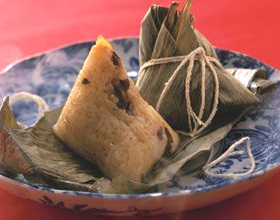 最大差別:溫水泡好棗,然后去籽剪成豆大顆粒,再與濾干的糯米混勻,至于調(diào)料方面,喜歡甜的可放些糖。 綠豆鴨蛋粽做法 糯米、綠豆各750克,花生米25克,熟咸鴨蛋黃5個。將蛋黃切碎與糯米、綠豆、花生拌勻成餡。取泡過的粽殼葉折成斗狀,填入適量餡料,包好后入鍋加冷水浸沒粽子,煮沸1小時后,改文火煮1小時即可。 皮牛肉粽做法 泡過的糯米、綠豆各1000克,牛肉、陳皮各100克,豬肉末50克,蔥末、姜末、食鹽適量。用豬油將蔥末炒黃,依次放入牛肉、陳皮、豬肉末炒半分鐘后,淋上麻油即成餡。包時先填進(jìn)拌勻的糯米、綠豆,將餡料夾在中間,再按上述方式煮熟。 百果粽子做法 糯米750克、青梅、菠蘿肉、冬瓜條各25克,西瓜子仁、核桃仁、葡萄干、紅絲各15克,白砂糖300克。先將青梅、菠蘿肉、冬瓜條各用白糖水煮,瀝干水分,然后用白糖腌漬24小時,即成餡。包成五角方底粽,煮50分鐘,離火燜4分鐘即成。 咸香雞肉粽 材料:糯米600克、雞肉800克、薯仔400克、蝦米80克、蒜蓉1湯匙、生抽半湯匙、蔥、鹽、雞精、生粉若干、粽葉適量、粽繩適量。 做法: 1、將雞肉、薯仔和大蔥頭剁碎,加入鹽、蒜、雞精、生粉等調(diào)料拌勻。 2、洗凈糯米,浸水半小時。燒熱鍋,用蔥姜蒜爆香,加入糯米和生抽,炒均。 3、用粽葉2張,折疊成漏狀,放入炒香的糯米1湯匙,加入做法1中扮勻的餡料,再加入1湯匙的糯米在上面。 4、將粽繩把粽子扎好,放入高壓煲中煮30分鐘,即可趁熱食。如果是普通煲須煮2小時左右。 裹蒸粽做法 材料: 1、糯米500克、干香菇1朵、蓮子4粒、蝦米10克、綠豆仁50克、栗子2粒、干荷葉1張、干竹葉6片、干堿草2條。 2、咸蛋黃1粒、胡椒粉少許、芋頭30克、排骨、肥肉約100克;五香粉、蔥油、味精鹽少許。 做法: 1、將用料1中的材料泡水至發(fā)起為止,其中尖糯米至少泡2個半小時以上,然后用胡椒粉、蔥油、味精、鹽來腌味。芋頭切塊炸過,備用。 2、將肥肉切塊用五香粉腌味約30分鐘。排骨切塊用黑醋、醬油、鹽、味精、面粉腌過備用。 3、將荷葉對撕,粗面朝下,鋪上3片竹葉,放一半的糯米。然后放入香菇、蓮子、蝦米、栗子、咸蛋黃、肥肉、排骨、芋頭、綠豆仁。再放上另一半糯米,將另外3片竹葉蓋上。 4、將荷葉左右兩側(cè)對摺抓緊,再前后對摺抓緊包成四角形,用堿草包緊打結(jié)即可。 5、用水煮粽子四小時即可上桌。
* * *
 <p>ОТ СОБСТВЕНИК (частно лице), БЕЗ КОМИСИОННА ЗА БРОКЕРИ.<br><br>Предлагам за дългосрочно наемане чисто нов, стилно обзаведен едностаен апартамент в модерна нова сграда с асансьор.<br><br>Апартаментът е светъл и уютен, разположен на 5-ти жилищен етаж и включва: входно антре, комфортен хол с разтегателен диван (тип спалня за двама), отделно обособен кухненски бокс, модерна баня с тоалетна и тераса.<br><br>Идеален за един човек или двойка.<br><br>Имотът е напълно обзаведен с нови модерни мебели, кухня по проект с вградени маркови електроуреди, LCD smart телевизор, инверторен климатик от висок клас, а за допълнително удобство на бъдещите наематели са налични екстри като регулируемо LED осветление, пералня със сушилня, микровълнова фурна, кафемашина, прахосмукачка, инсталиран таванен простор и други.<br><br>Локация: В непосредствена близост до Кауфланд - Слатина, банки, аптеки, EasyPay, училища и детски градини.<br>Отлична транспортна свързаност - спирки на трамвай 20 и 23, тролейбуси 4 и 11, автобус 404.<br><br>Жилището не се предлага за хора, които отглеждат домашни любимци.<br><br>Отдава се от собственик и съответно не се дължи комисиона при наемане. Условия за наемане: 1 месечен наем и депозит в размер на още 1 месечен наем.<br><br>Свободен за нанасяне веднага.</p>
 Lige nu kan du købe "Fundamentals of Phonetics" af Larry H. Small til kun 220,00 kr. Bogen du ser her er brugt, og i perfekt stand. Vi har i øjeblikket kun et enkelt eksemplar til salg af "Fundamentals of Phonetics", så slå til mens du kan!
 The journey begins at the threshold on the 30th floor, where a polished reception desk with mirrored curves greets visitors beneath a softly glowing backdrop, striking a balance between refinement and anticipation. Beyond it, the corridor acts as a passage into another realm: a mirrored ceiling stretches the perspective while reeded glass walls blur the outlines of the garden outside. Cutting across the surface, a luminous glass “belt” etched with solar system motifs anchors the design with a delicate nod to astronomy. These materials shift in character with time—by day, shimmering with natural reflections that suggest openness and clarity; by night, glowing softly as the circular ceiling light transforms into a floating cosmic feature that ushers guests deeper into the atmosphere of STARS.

How to complete this task
Beginning with the line that has "<p>ОТ СОБСТВЕНИК (частно" and ending with the line that has "Lige nu kan", set down the lines above exactly and include no others.

Final answer
 <p>ОТ СОБСТВЕНИК (частно лице), БЕЗ КОМИСИОННА ЗА БРОКЕРИ.<br><br>Предлагам за дългосрочно наемане чисто нов, стилно обзаведен едностаен апартамент в модерна нова сграда с асансьор.<br><br>Апартаментът е светъл и уютен, разположен на 5-ти жилищен етаж и включва: входно антре, комфортен хол с разтегателен диван (тип спалня за двама), отделно обособен кухненски бокс, модерна баня с тоалетна и тераса.<br><br>Идеален за един човек или двойка.<br><br>Имотът е напълно обзаведен с нови модерни мебели, кухня по проект с вградени маркови електроуреди, LCD smart телевизор, инверторен климатик от висок клас, а за допълнително удобство на бъдещите наематели са налични екстри като регулируемо LED осветление, пералня със сушилня, микровълнова фурна, кафемашина, прахосмукачка, инсталиран таванен простор и други.<br><br>Локация: В непосредствена близост до Кауфланд - Слатина, банки, аптеки, EasyPay, училища и детски градини.<br>Отлична транспортна свързаност - спирки на трамвай 20 и 23, тролейбуси 4 и 11, автобус 404.<br><br>Жилището не се предлага за хора, които отглеждат домашни любимци.<br><br>Отдава се от собственик и съответно не се дължи комисиона при наемане. Условия за наемане: 1 месечен наем и депозит в размер на още 1 месечен наем.<br><br>Свободен за нанасяне веднага.</p>
 Lige nu kan du købe "Fundamentals of Phonetics" af Larry H. Small til kun 220,00 kr. Bogen du ser her er brugt, og i perfekt stand. Vi har i øjeblikket kun et enkelt eksemplar til salg af "Fundamentals of Phonetics", så slå til mens du kan!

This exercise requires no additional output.